Los bordes son de color de acuerdo a las predicciones hechas usando funcionales CHALECO. Las líneas rojas indican que las mutaciones que afectan a ese residuo se prevé que ser funcional (Vest & gt; 0,75), las líneas azules indican una predicción neutra (Vest & lt; 0,25), y las líneas de puntos grises indican las mutaciones no podían con confianza pueden asignar una etiqueta funcional o neutral.
de ácido nucleico sitios de unión Harbor un número inesperado de sentido erróneo mutaciones
a continuación examinó sitios de nuestra red de unión a proteínas de ADN. mutaciones mendelianas en sitios de unión de ADN se encontraron experimentalmente ya sea para abrogar de unión a ADN o para alterar la especificidad de unión de ADN de motivos de unión en la secuencia de ADN [9]. El AP incluye estructuras para 10 supresores de tumores, 2 oncogenes y 168 genes adicionales ligados al ADN (Tabla S8). Entre estos, 9 supresores tumorales, 1 oncogén y otros 131 genes tenían mutaciones en sus regiones de unión a ADN (S9 Tabla). ADN vinculante regiones generalmente no se superponen con las regiones de la proteína que interacciona con las proteínas en enfermedades mendelianos [9]. Las proteínas en nuestra red de manera similar mostraron casi ningún solapamiento de los sitios de interacción de proteínas con interfaces de unión de ADN estructuralmente resuelto (valor de P & lt; 8,86 × 10
-5, Odds Ratio 0,77). Además, un número inesperado de mutaciones de sentido erróneo, pero no mutaciones silenciosas se produjo dentro de los sitios de unión de ADN (P-value & lt; 3,38 × 10
-3, Odds Ratio 1,19) (S10 Tabla), lo que sugiere que el ADN actividad de unión de algunos de estas proteínas podrían ser importantes para la tumorigénesis.
de las 180 proteínas de unión al ADN de nuestra red, diez eran reguladores maestros de la transcripción (ETS1, SRF, foxo4, GATA3, HNF1B, HNF4A, MAX, MYC, y NFKB1 NFATc1 [44, 45]), ocho de los cuales (SRF y HNF1B son las excepciones) tenían mutaciones en sus regiones de unión a ADN. Transcripcional reguladores maestros, los genes en la parte superior de la jerarquía normativa, son capaces de controlar la expresión de múltiples genes diana y son determinantes del destino celular. Así, las mutaciones en estos genes que o bien derogar unión al ADN o alterar su especificidad es probable que causen cambios generalizados a la expresión génica.
La hipótesis de que las mutaciones alterar ARN sitios de unión a proteínas tendría consecuencias similares a las que la alteración de los sitios de unión de ADN . Nuestra red incluye un oncogén de unión al ARN y 73 de unión a ARN otros genes soportados por estructuras de co-cristal en el AP (S11 Tabla).
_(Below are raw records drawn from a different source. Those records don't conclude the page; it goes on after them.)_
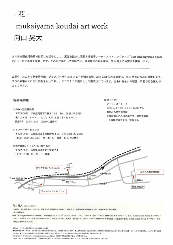 会期中は、おのみち歴史博物館・ジョンバーガー&カフェ、光明寺會舘/AIR CAFEの3か所に作品が設置されます。3つの開場がそれぞれの役割をもっており、3つで1つの展示として構成されています。
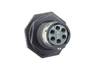 6 Way Female Jam-Nut Panel Connector with Dip-Solder Contacts, Stand Off & Hold Down Clips, IP68 & IP69K
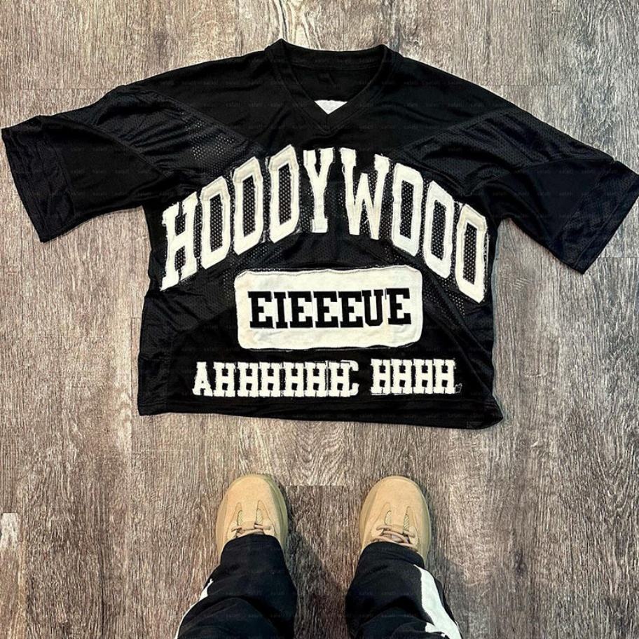 เสื้อยืดคอกลมทรงหลวมแบบดรอปโชลเดอร์ ผ้าคอตตอนหนา ตกแต่งด้วยงานปัก แอพพลิเค ปักเลื่อม ทรงบ็อกซี่ ครอป โอเวอร์ไซส์ สำหรับผู้ชาย

A diferencia de lo que se ha reportado para los dominios de unión a ADN, que no observó la exclusividad mutua entre los residuos que median las interacciones proteína-proteína y aquellos que median las interacciones proteína-ARN. Cincuenta y seis de los genes, incluyendo el único oncogén, albergado mutaciones en su región de unión de ARN (S12 tabla).